The mantis cua run subcommand is a thin HTTP shim — no local browser, no Anthropic key, no Playwright. It just POSTs to /v1/cua:

export MANTIS_ENDPOINT="https://workspace--app-fn.modal.run"
export MANTIS_TOKEN="<tenant_token>"

mantis cua run "Find tomorrow's music events on lu.ma and click the first one" \
  --start-url https://lu.ma/discover \
  --max-steps 25 \
  --settle-time 4.0

Useful flags:

Flag Purpose
--endpoint Mantis deployment base URL (overrides MANTIS_ENDPOINT)
--token Per-tenant token (overrides MANTIS_TOKEN)
--header KEY=VALUE Add HTTP header (e.g. Authorization=Api-Key … on Baseten)
--start-url Initial URL for the browser
--max-steps Cap on the CUA loop
--settle-time Seconds to wait after each action
--profile-id (#341) Chrome user-data-dir identity (sticky across plan revisions)
--workflow-id (#341) Checkpoint identity (rotate on plan change; pair with --resume-state)
--state-key Legacy single-field; routes to both --profile-id and --workflow-id
--detached Queue as background; print run_id and exit
--proxy-disabled Skip the residential proxy
--record-video Capture screencast
--json Print the raw response JSON instead of a summary

Exit code is 0 on success=true, 1 otherwise. Same as mantis plan run.

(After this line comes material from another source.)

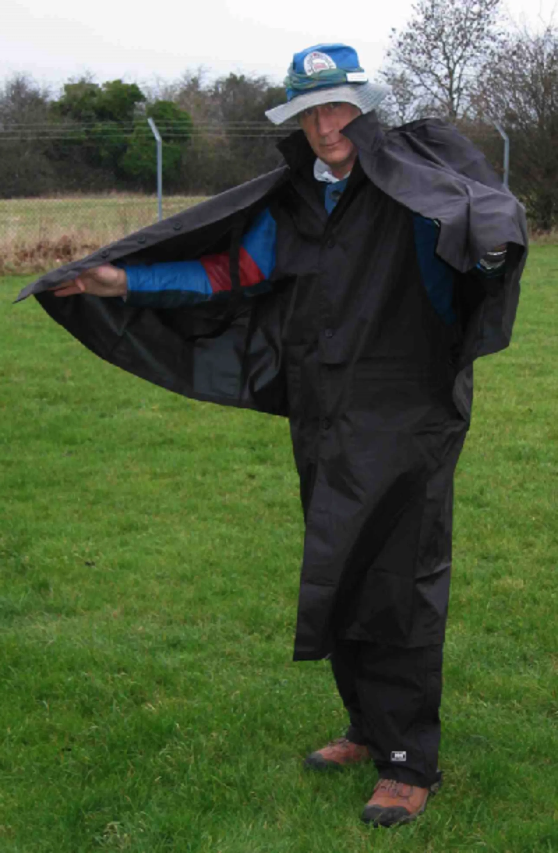 The ultimate shooters all weather cape. Really 2 capes in one. Made from reinforced nylon, the inner part is a waistcoat type fitting which covers the torso and legs and allows free arm movement. The outer part is a roomy shoulder cape that covers the arms and protects the shoulders. Includes an optional button-on hood. Available in S, M, L and XL and Black only.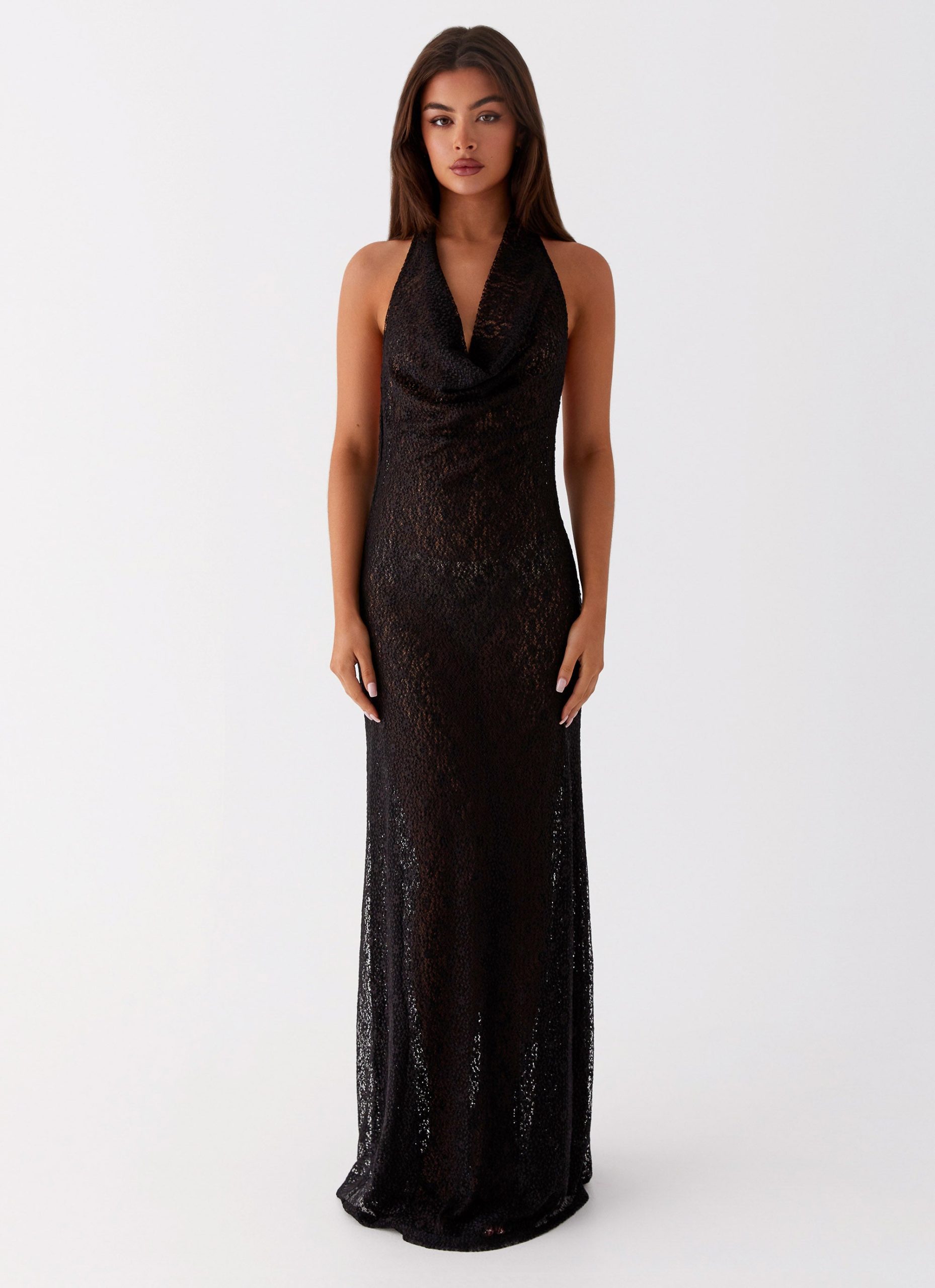 The Tempest Cowl Neck Maxi Dress is your go-to for sultry summer nights. This maxi dress features a halterneck with button closure. semi-sheer fabric. and an open back. making it perfect for golden skies and balmy nights.

How this differs from /v1/predict under the hood

/v1/predict   →   _task_suite_from_payload   →   MicroPlanRunner
                                                    ├── ClaudeExtractor    (extract / verify)
                                                    ├── ClaudeGrounding    (refine click coords)
                                                    └── Holo3Brain         (tactical actions)
                                                          └── GymRunner ↔ XdotoolGymEnv

/v1/cua       →   _run_pure_cua              →   GymRunner
                                                    └── Holo3Brain         (all actions)
                                                          └── XdotoolGymEnv

Concretely: _run_pure_cua instantiates GymRunner(brain=self.brain, grounding=None) and calls runner.run(task=<instruction>). There is no extractor, no decomposer, no per-step verification. Whatever the brain emits, xdotool executes.

What you give up

  • No structured extraction. The response is success / steps / duration_s / termination_reason — there's no leads array, no extracted data. The brain ends by emitting done with a free-text summary; if you need structured data, parse the trajectory events or use /v1/predict with an extraction_schema.
  • No grounding correction. Holo3 occasionally picks coordinates a few pixels off the target. /v1/predict recovers via Claude; /v1/cua doesn't.
  • No section / gate / loop semantics. It's one open-ended loop until done or max_steps.
  • No skip envelope. The skip / skip_reason fields documented in Sending plans are produced by MicroPlanRunner. They don't appear on /v1/cua responses.

If any of those are dealbreakers, you want /v1/predict. If they're fine, /v1/cua is the cheapest, simplest way to drive Holo3 on Modal / Baseten.